--- Exercise ---
Find the line that holds "欧普照明OPPLE led台" in the material below. Output that line and each one after it exactly, but not the pictures.

--- Provided material ---
··········

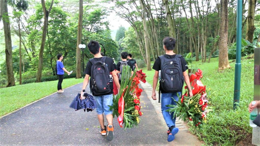 实践队成员提着沉甸甸的花篮盘旋上山
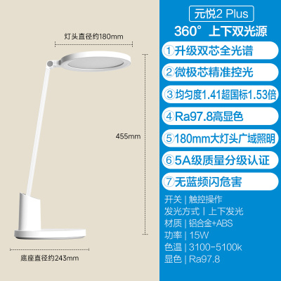 欧普照明OPPLE led台灯圆盘学习书桌卧室床头宿舍节能学生阅读台灯护眼台灯自然光(3300-5000K)5-9W
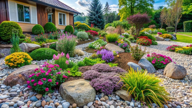 Красочный ландшафтный дизайн скального сада с пышной зеленой и яркими цветами. генеративная ИИ A
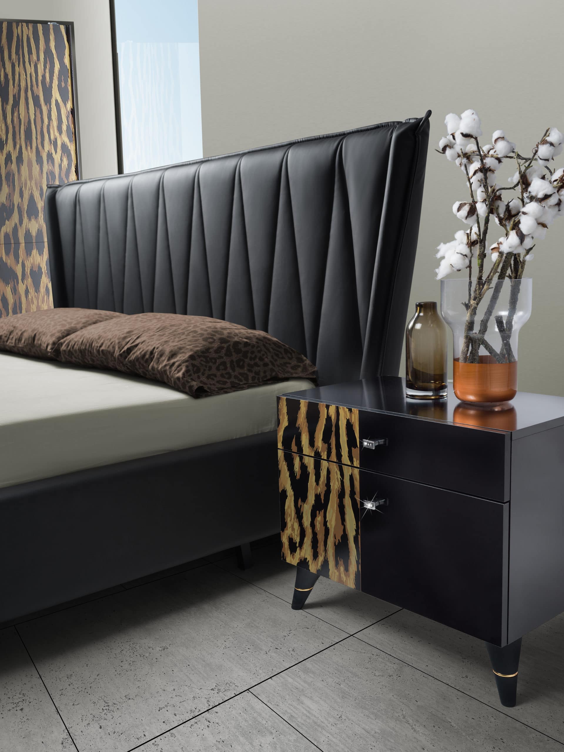 Dormitorul Savana este o piesa de mobilier potrivita pentru decorarea in stil modern a incaperilor de dimensiuni mari. Este realizat din PAL melaminat & MDF, cant ABS, prevazut cu multiple compartimente de depozitare. Patul este prevazut cu o tablie tapitata care accentueaza estetica moderna.

··········

--- Exercise result ---
 欧普照明OPPLE led台灯圆盘学习书桌卧室床头宿舍节能学生阅读台灯护眼台灯自然光(3300-5000K)5-9W
 Красочный ландшафтный дизайн скального сада с пышной зеленой и яркими цветами. генеративная ИИ A
 Dormitorul Savana este o piesa de mobilier potrivita pentru decorarea in stil modern a incaperilor de dimensiuni mari. Este realizat din PAL melaminat & MDF, cant ABS, prevazut cu multiple compartimente de depozitare. Patul este prevazut cu o tablie tapitata care accentueaza estetica moderna.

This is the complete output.